In that case, as in this, appellant urged that the cause of action is not brought under the statute, but is one to enforce a contract obligation and is, therefore, assignable. As to that, the court said:
"In so far as the privilege of an injured party to sue the insurance company is concerned, the policy contains no provision except that which the statute has decreed must be included in the contract. The language of the statute does not stop short of a legislative mandate, an authoritative command, an ultimatum. . .. The right which is thus accorded the plaintiff owes its parentage to the statute, rather than to the contract of insurance. The policy adopts, under compulsion, the provisions of the statute. Under such circumstances it is idle to say that this is an action upon a contract rather than one under the statute. No such legal fiction will be permitted."

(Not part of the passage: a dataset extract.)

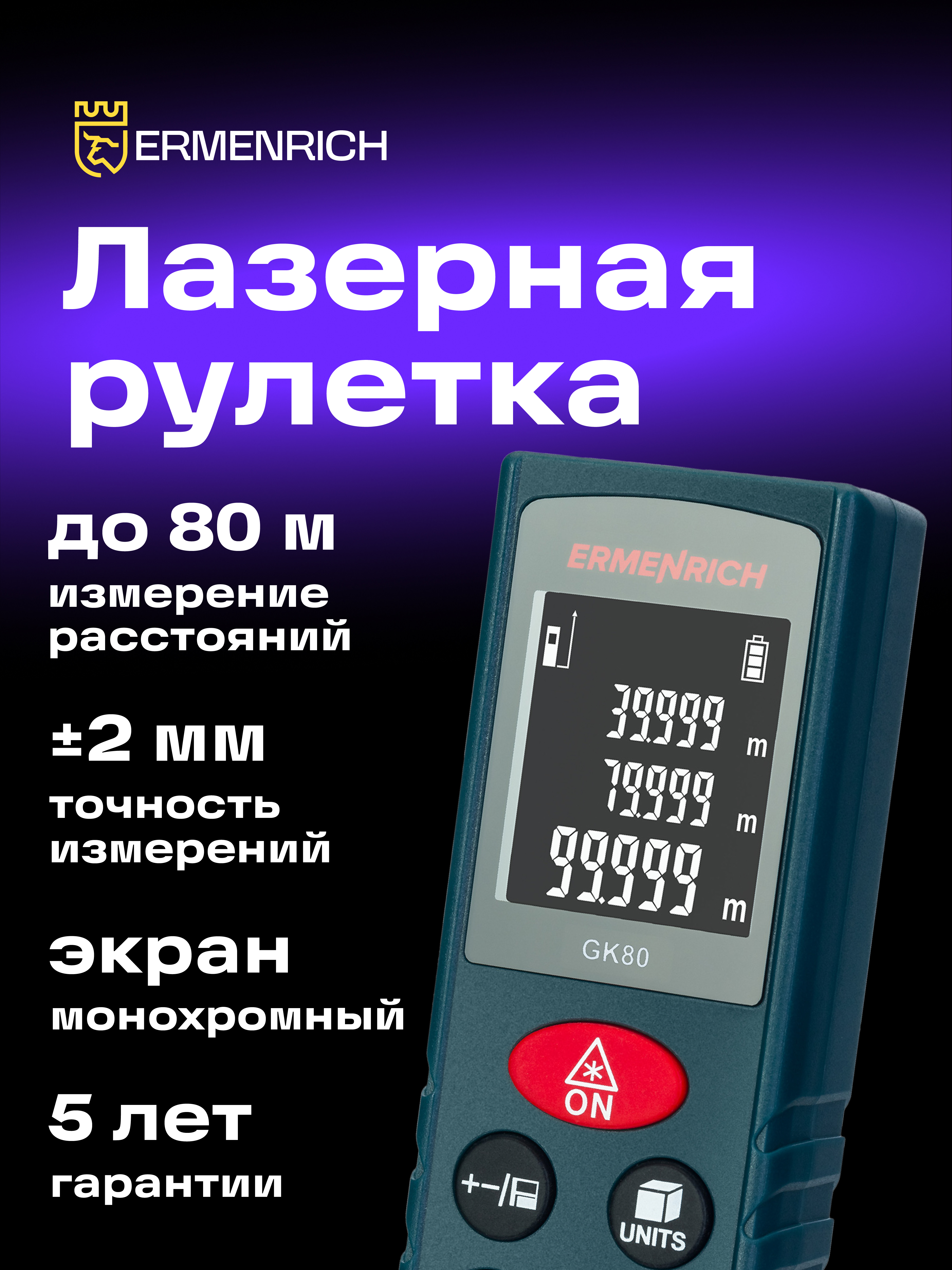 Лазерная рулетка Ermenrich Reel PLUS GK80 – современный инструмент, позволяющий делать точные замеры расстояний, вычислять площадь и объем, а также находить расстояние до труднодоступных точек с помощью функции «Пифагор». Эта функция вычисляет длину нужного отрезка с помощью косвенных измерений.
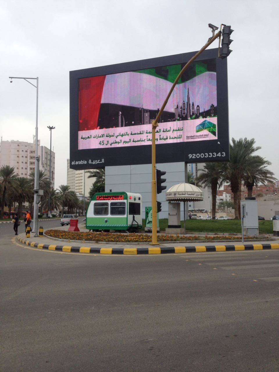 من جهته قال الاستاذ إيهاب بن جميل الرفاعي مدير عام تنمية ومراقبة الايرادات البلدية ، إن الامانة وبالتعاون مع الشركة العربية للدعاية والاعلان حرصت على المشاركة في في هذه المناسبة الوطنية لدولة الامارات الشقيقة ، إنطلاقا من عمق العلاقات الوطيدة التي تربط البلدين ، حيث تم بث اعلان التهنئة في كافة الشاشات الالكترونية بالشوارع والميادين العامة بمكة المكرمة وعلى مدار يوما كاملا ، مع اختيار عدد من العبارات والصور التي تبرز العلاقات الأخوية بين البلدين والشعبين الشقيقين ، والتي يسعى الجميع لتعزيزها وتنميتها في المجالات كافة.

The cited decision was affirmed in all respects by the court of appeals in the same titled case in 277 N.Y. 385,14 N.E.2d 446. That court also held that an injured person's right to maintain action against liability insurer under a standard liability policy is statutory rather than contractual, and hence is not assignable as a contractual right, notwithstanding that claim has been reduced to judgment against insured, under § 109 of the New York insurance law.
Hence it cannot be held in this case, as asserted, that
"The theory that plaintiff, as trustee in bankruptcy, has no right to maintain an action of this kind is but a figment of the imagination without any support or authority of any kind, either in logic or in law." *Page 451
On the contrary, under the contract before us, it is manifest that the trustee in bankruptcy has no right to wage such an action as this.
[3] Furthermore, we consider that the proceedings in the former case in 186 Wash. 242, were res adjudicata of all claims made in this case under our decision in Symons v. Hutchinson,119 Wash. 430, 205 P. 1057, and texts and authorities there cited.
The judgment is affirmed.
STEINERT, C.J., MAIN, GERAGHTY, and SIMPSON, JJ., concur.